- DIRECTIONS:
Write out the listing from the line with "7. NOTE: Slightly" to the line with "コーキング完了後、窓などの養生を行います。", both lines included, exactly and nothing beyond. Leave pictures out.

- SUPPLIED DATA:
§

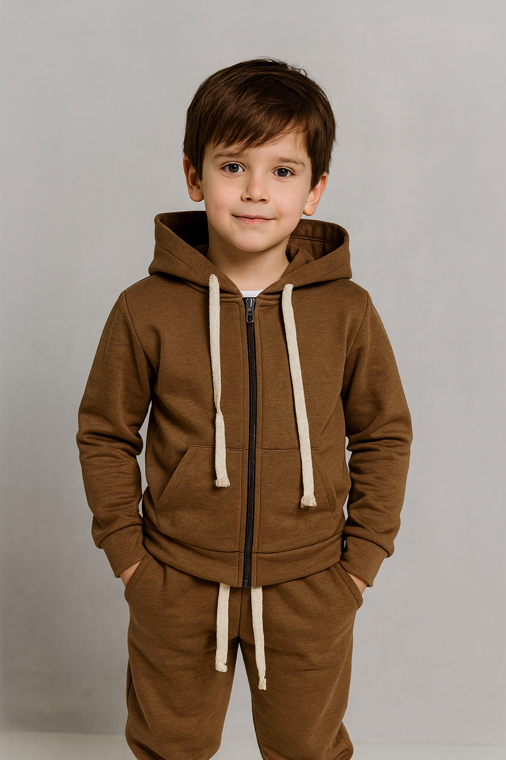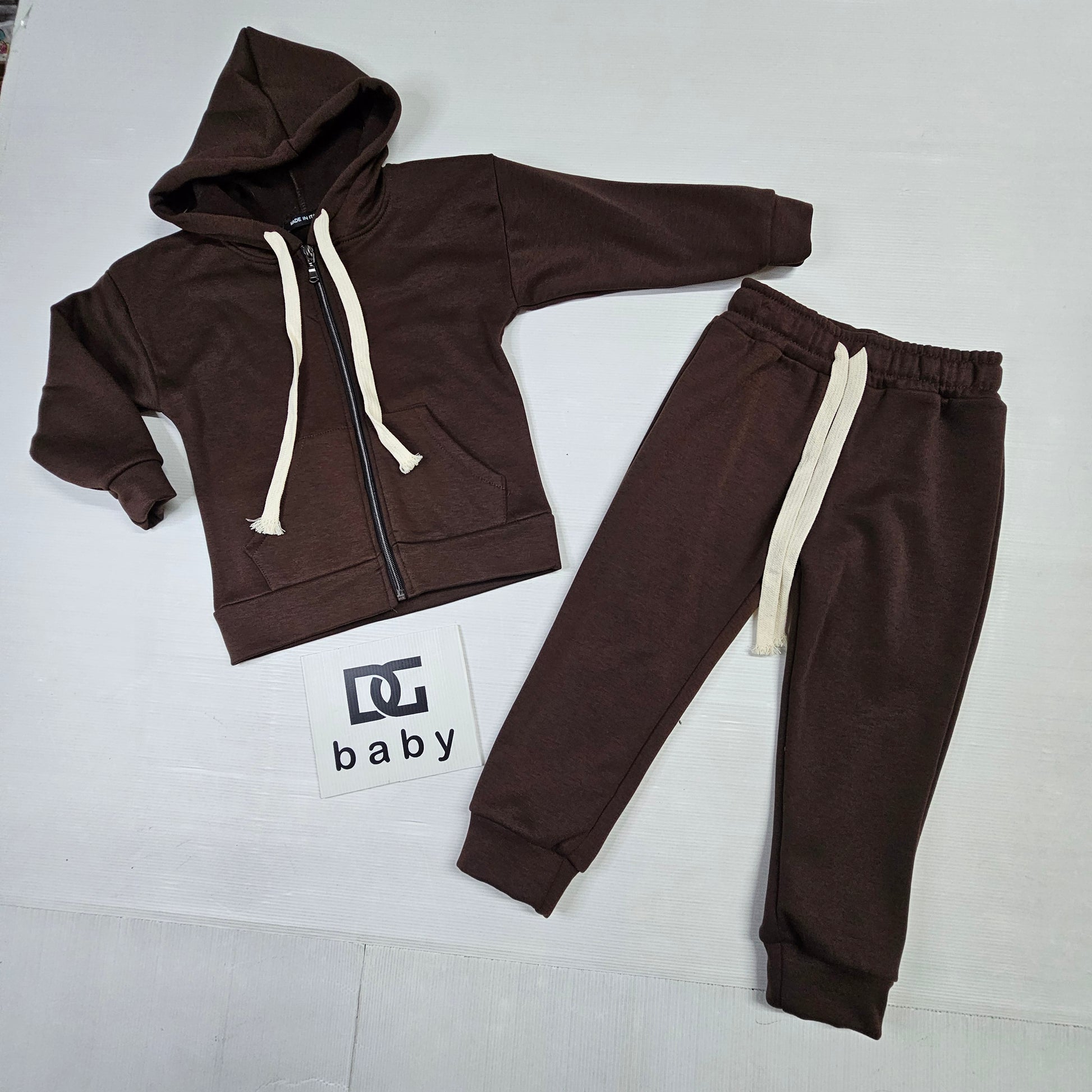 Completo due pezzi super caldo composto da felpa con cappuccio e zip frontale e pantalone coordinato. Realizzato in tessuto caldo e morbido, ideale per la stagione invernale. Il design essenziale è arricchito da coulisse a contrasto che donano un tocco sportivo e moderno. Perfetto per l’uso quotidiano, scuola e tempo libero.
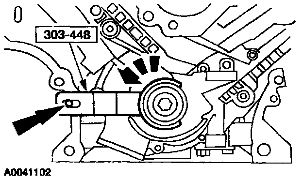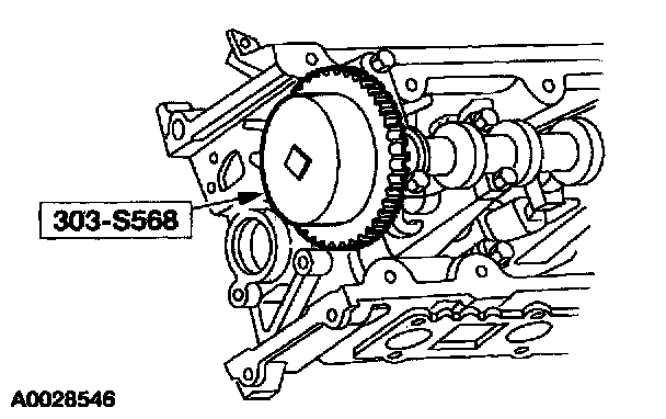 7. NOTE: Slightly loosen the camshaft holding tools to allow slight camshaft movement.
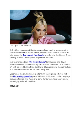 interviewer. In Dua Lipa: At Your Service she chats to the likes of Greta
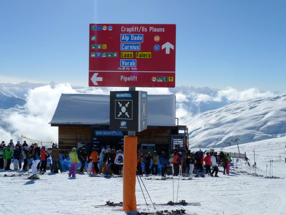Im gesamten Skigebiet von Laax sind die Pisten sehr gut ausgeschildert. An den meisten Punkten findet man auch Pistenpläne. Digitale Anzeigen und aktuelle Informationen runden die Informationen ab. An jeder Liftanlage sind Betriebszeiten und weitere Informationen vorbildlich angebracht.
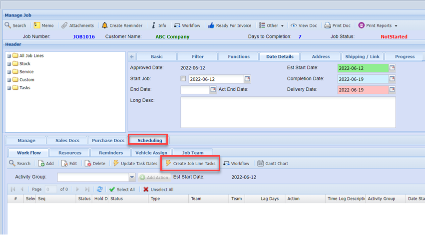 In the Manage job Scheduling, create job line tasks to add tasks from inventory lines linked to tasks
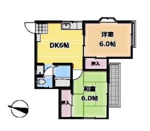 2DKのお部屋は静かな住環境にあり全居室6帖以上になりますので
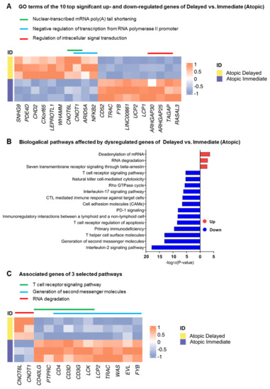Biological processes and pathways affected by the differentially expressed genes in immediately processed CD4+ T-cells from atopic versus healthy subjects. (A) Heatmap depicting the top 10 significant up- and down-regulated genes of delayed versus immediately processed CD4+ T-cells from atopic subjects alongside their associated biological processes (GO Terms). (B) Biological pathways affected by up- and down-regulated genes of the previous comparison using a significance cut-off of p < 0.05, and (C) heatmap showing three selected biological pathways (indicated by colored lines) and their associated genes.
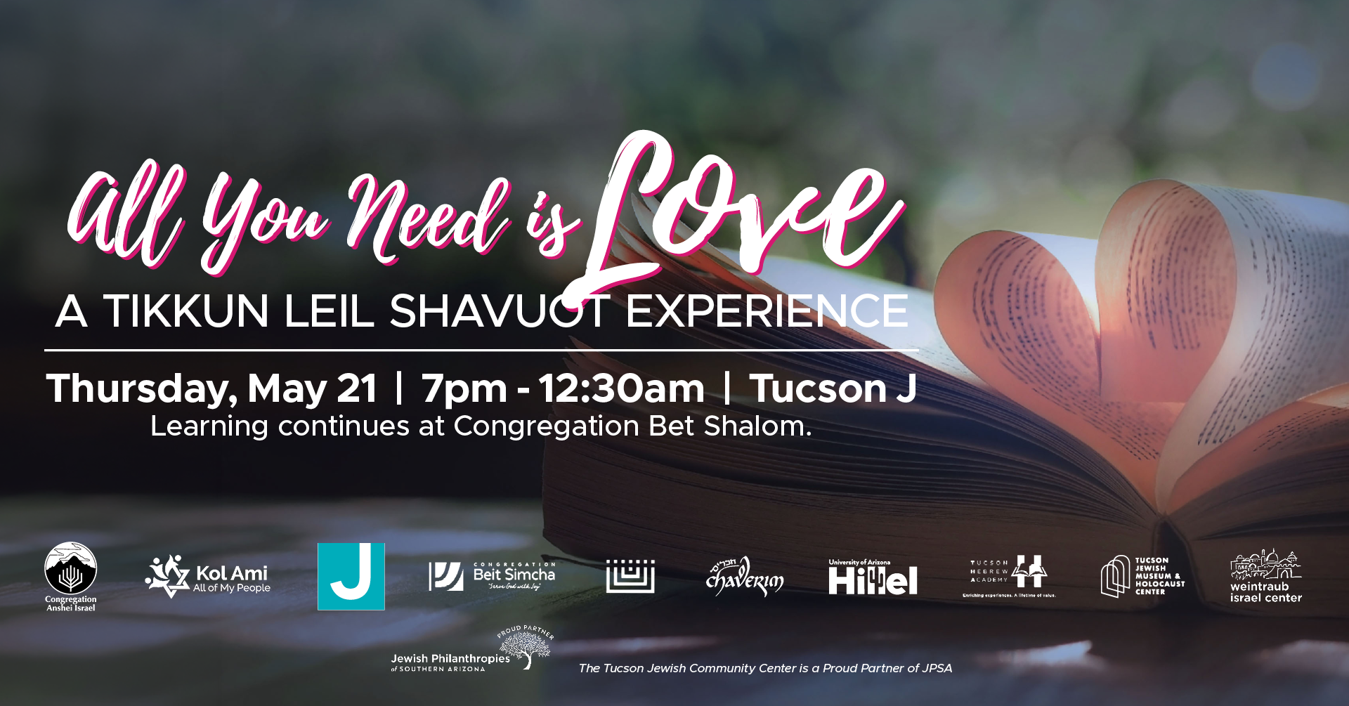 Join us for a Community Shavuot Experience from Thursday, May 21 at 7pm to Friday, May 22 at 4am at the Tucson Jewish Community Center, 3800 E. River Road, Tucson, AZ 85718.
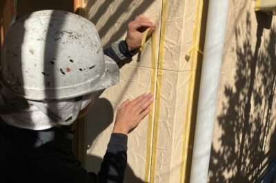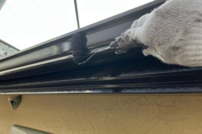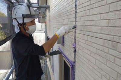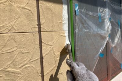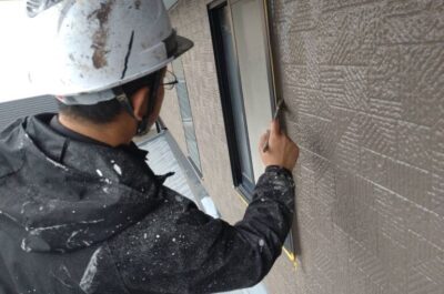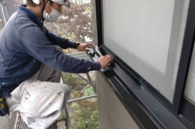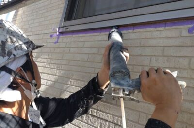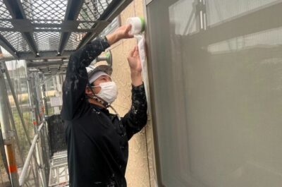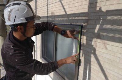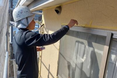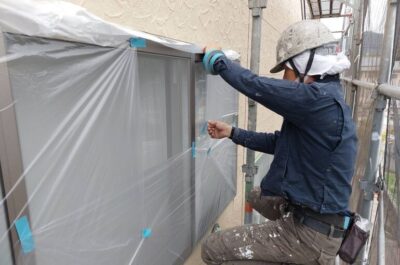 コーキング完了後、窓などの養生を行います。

§

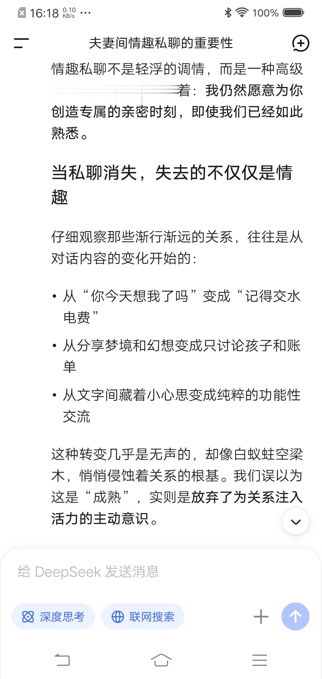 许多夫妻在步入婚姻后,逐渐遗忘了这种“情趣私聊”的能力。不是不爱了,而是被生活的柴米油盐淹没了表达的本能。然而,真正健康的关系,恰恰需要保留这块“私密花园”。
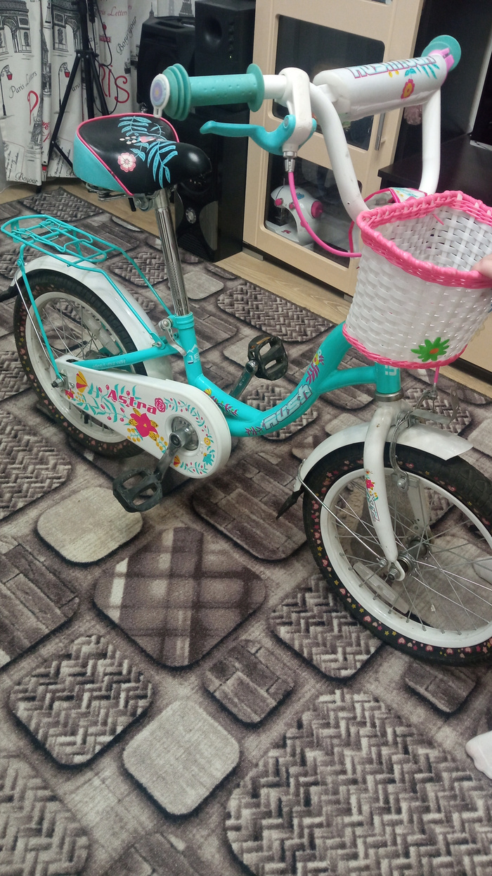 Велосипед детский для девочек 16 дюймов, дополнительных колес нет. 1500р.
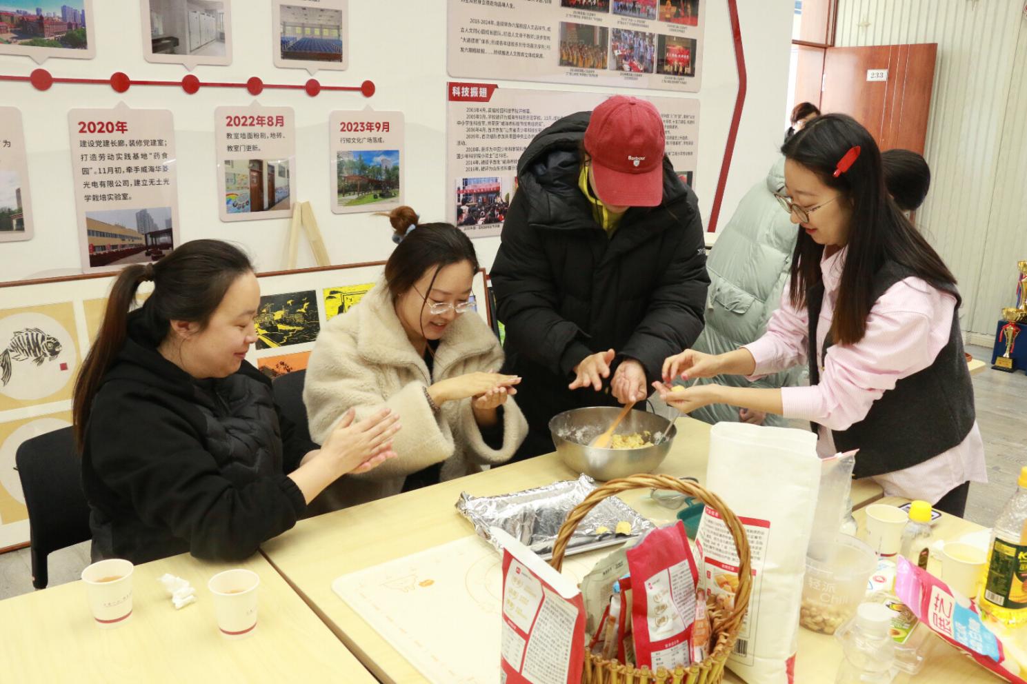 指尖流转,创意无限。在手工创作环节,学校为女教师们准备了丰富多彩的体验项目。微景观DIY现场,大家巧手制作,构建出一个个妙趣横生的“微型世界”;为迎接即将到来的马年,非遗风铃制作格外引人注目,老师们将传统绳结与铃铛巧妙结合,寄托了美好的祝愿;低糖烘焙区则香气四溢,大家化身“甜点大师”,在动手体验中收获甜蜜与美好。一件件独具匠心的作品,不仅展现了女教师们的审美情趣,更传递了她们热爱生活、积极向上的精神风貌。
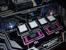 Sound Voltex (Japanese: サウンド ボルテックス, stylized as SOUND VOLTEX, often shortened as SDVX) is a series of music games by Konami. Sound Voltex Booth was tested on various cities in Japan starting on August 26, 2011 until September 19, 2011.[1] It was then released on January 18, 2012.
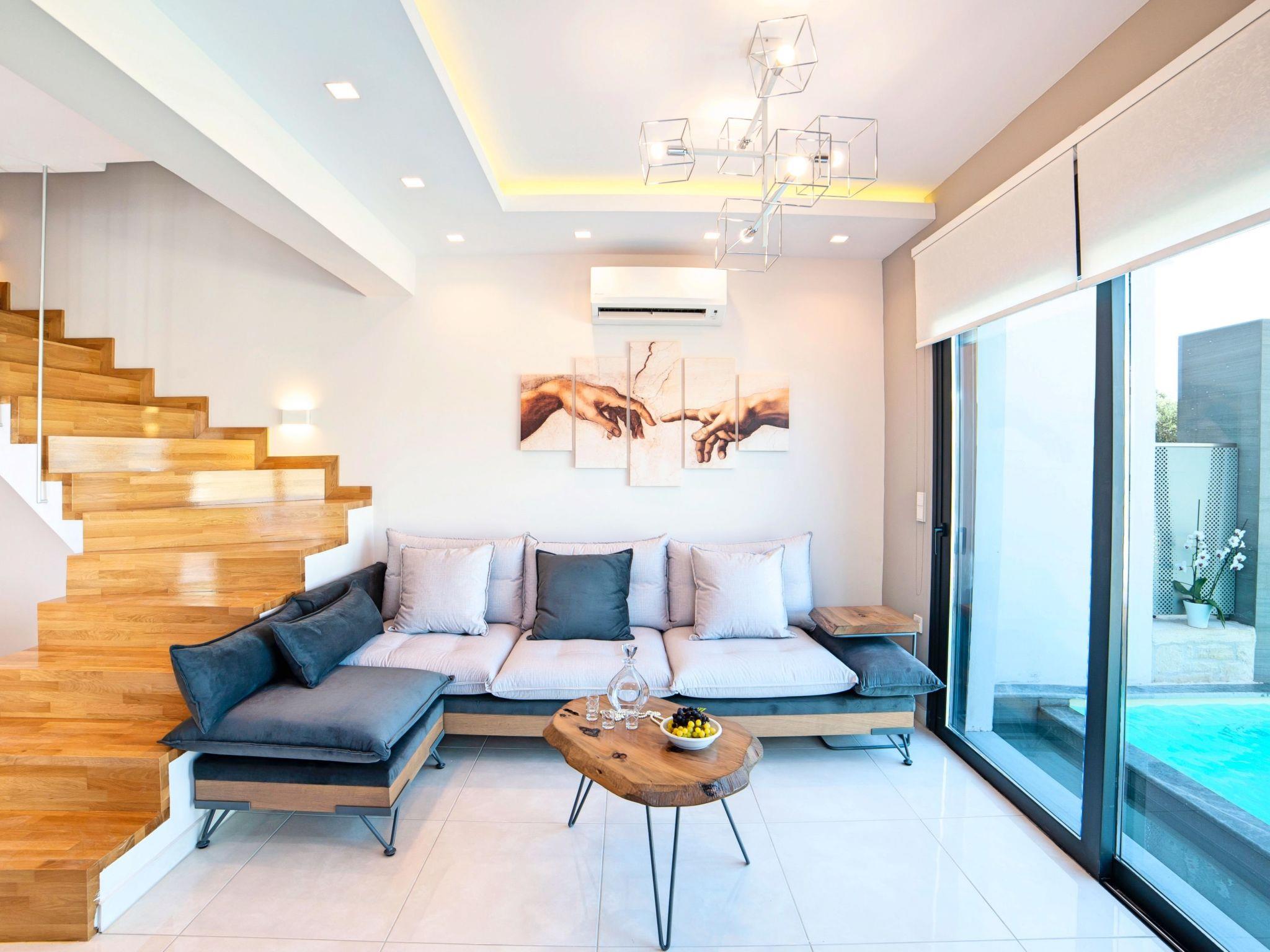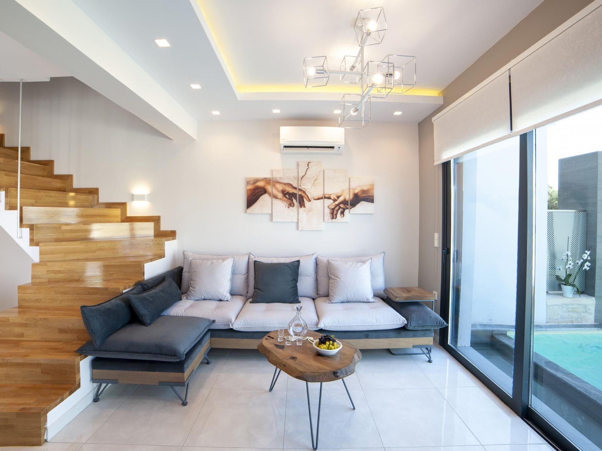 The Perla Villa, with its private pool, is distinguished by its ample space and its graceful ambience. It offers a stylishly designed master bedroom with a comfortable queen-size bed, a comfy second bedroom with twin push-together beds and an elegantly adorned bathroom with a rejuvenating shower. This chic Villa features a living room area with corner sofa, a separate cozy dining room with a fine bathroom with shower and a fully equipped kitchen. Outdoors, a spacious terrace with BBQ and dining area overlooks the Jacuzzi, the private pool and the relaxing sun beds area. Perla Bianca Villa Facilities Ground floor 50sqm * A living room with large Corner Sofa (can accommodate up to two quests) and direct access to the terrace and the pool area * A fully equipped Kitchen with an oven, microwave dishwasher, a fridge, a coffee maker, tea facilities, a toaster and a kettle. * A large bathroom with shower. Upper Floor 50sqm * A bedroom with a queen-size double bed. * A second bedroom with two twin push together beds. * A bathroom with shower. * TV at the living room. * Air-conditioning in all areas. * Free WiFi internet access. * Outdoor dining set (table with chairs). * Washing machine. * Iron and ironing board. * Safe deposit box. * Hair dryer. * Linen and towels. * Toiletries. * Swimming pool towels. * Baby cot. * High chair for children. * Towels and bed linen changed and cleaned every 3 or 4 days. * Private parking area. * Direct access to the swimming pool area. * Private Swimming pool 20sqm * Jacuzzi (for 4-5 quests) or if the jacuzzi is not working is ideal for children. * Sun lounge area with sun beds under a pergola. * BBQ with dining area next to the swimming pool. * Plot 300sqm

§

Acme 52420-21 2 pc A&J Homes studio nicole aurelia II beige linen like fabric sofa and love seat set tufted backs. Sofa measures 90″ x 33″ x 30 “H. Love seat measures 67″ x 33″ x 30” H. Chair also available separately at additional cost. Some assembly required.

§

- ANSWER FOR THIS EXERCISE:
 7. NOTE: Slightly loosen the camshaft holding tools to allow slight camshaft movement.
 interviewer. In Dua Lipa: At Your Service she chats to the likes of Greta
Im gesamten Skigebiet von Laax sind die Pisten sehr gut ausgeschildert. An den meisten Punkten findet man auch Pistenpläne. Digitale Anzeigen und aktuelle Informationen runden die Informationen ab. An jeder Liftanlage sind Betriebszeiten und weitere Informationen vorbildlich angebracht.
 In the Manage job Scheduling, create job line tasks to add tasks from inventory lines linked to tasks
 2DKのお部屋は静かな住環境にあり全居室6帖以上になりますので
Biological processes and pathways affected by the differentially expressed genes in immediately processed CD4+ T-cells from atopic versus healthy subjects. (A) Heatmap depicting the top 10 significant up- and down-regulated genes of delayed versus immediately processed CD4+ T-cells from atopic subjects alongside their associated biological processes (GO Terms). (B) Biological pathways affected by up- and down-regulated genes of the previous comparison using a significance cut-off of p < 0.05, and (C) heatmap showing three selected biological pathways (indicated by colored lines) and their associated genes.
 Join us for a Community Shavuot Experience from Thursday, May 21 at 7pm to Friday, May 22 at 4am at the Tucson Jewish Community Center, 3800 E. River Road, Tucson, AZ 85718.
 コーキング完了後、窓などの養生を行います。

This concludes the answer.